Richard W. Chang, J.D., is a partner at the law firm of Wasserman, Mancini & Chang, an “AV” rate firm that is also one of the oldest immigration law firms in the country.  Richard W. Chang received his Juris Doctorate (JD) and his International Law Certificate at the Columbus School of Law at the Catholic University of America. He graduated from the University of Illinois at Urbana-Champaign (UIUC) with a Bachelors degree in History – East Asian Concentration. Richard W. Chang was one of the authors of the Asian Pacific American Coalition (APAC) Cultural Center Proposal at UIUC that helped the Asian Pacific American (APA) student groups land a $30,000 grant for APA programs.  He is a former Vice-President for Communications for the Asian Pacific American Bar Association (APABA) in Washington DC.  Richard W. Chang co-founded the DC Chapter of the National Association of Asian American Professionals (NAAAP-DC) in 1998.  He is a former board member of the Asian American Action Fund (AAA-Fund),  Richard Chang was a contributing author for the Taiwan-AIT article in “The Visa Processing Guide” published by the American Immigration Lawyers Association (AILA).  Richard was the co-host of the Free Immigration Law program on World Today Comcast Cable Channel 678 in Montgomery County, Maryland since 1997.  He was named one of America’s Best Lawyers in 2020 & 2021 in Immigration by Best Lawyers at Bestlawyers.com (U.S. News and World Reports).  He was also named as one of the Top 100 Northeast Lawyers (Immigration Category) by Amtrak’s ARRIVE Magazine and AVVO (Nov/Dec 2011)

Panelist Bio:

Xin Xu, Ph.D., is a Principal Investigator and Director of Pharmacokinetics at National Center for Advancing Translational Sciences (NCATS), NIH.  Prior to joining NCATS, she had over 20 years of industrial experience in drug metabolism and pharmacokinetics. Dr. Xu has extensive experience in IND and NDA filings of novel therapeutics, ranging from small molecules to biologics, such as monoclonal antibody, nanobody, engineered human protein, protein-drug conjugate and gene therapy. Dr. Xu obtained her B.Sc. degree from School of Pharmacy, Peking University Health Science Center, Beijing, China. She earned her Ph.D. degree in Pharmacokinetics from Faculty of Pharmacy, University of Toronto, where she also did her post-doctoral training in controlled release formulations. Dr. Xu has authored 239 publications (119 journal papers/ book chapters, and 120 conference presentations/abstracts).  She is the co-inventor for five patents.

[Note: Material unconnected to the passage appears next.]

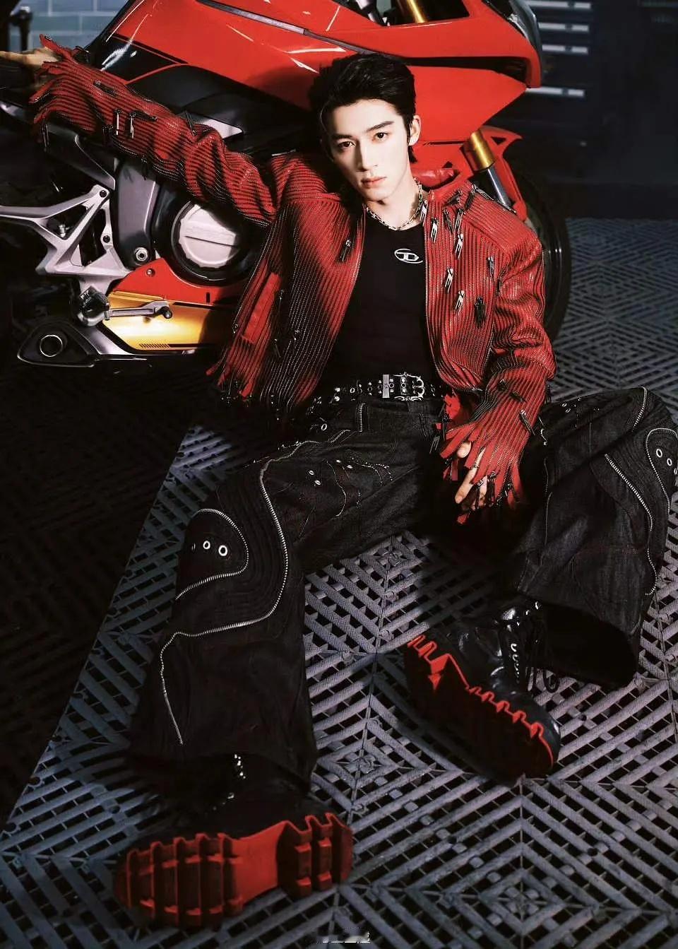 王星越跨年出图好帅!!!!!红色挑染红色穿搭红色🏍️
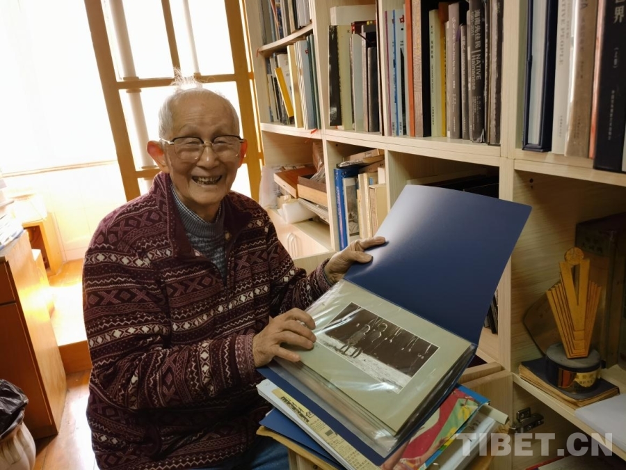 3月21日,我懷揣相冊,專程登門拜訪丁遵新先生。來到丁先生家,一壁字畫,滿屋書香。92歲高齡的先生,依舊精神矍鑠,思維敏捷。我說明來意,攤開相冊,請先生辨認(rèn)這組西藏照片是否出自他手?先生凝視著照片,一時語塞,說:“當(dāng)年湖北團只有我一名攝影記者,這些相片肯定是我拍的?!奔又?,老先生進到書房翻騰了好久,終于又找出兩張當(dāng)年的西藏照片,其中一張為罕見彩色印刷品,加上我母親保存的,總計12幅。

Kevin Li, Ph.D., is the Executive Director of Regulatory Affairs and Head of US Regulatory Affairs at TopAlliance Biosciences, a subsidiary of Junshi Biosciences. Prior to TopAlliance, Dr. Li was a director of regulatory affairs at AstraZeneca BioVentures and the head of regulatory affairs at Centus Biotherapeutics, a joined venture between AstraZeneca and Fujifilm Kyowa Kirin Biologics. In that role Dr. Li has directed the regulatory affairs group for the preparation and defending of global marketing applications for Equidacent® (a proposed biosimilar to Avastin), leading up to the final approval by European Union in September 2020. Prior to AstraZeneca, Dr Li was a product quality reviewer at Office of Biotechnology Products (OBP) and Office of Life Cycle Product at CDER/FDA, responsible for reviewing the chemistry, manufacturing and control (CMC) section of Abbreviated NDA (ANDA), investigational new drug (IND) and biologic license applications (BLA) for biologics and drugs. Before that, Dr. Li was an analytical scientist at MedImmune, with responsibilities range from method development to project and people management. Dr. Li received his undergraduate degree from Peking University and Ph. D. from University of Illinois at Urbana-Champaign.